Forum Ateista.pl
Czy ktoś mógłby wyjaśnić...? (wątek zbiorczy) - Wersja do druku

+- Forum Ateista.pl (https://ateista.pl)
+-- Dział: Nauka (https://ateista.pl/forumdisplay.php?fid=5)
+--- Dział: Nauki ścisłe i techniczne (https://ateista.pl/forumdisplay.php?fid=19)
+--- Wątek: Czy ktoś mógłby wyjaśnić...? (wątek zbiorczy) (/showthread.php?tid=7773)

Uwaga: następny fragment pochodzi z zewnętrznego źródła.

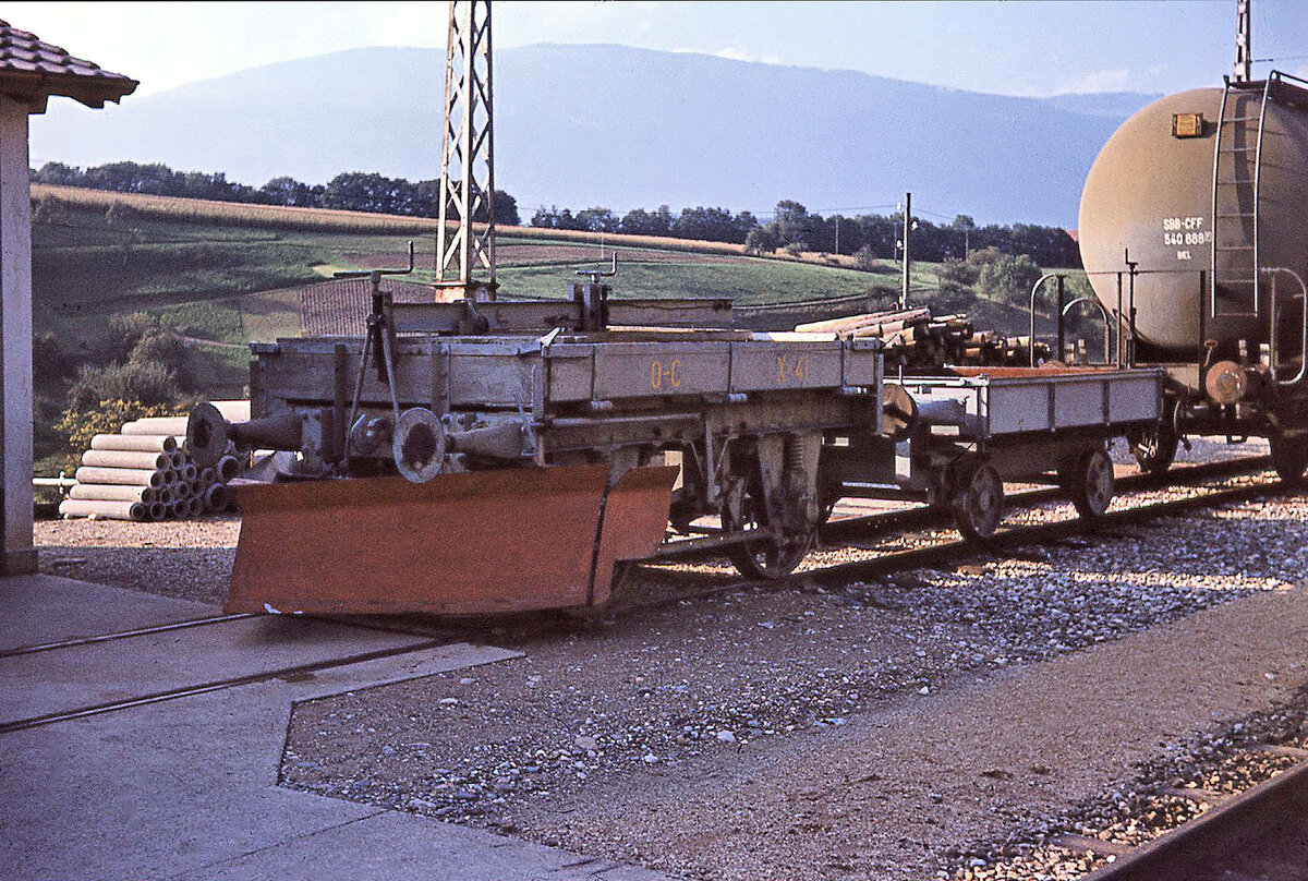 Alte Fahrzeuge auf der Orbe - Chavornay - Bahn: Schneepflug X 41, Orbe, 17.Sep.1967

Czy ktoś mógłby wyjaśnić...? (wątek zbiorczy) - Fizyk - 04.02.2012

Bo tak naprawdę lewa i prawa też zostają na miejscu Oczko A zamianie ulegają przód i tył, czyli po prostu kierunek prostopadły do płaszczyzny lustra. Ale że z jakiegoś powodu dokonujemy w wyobraźni automatycznego obrotu obrazu o 180 stopni, mamy wrażenie, że zamieniły się lewo i prawo.


Czy ktoś mógłby wyjaśnić...? (wątek zbiorczy) - Windziarz - 04.02.2012

Dodam jeszcze, że oś tego obrotu wybieramy tak, jak wydaje nam się sensownie. Sensownym jest dla nas, że człowiek obróci się o 180° wokół osi pionowej, nieco mniej sensowny zdaje się obrót o tyle samo, ale wokół osi poziomej.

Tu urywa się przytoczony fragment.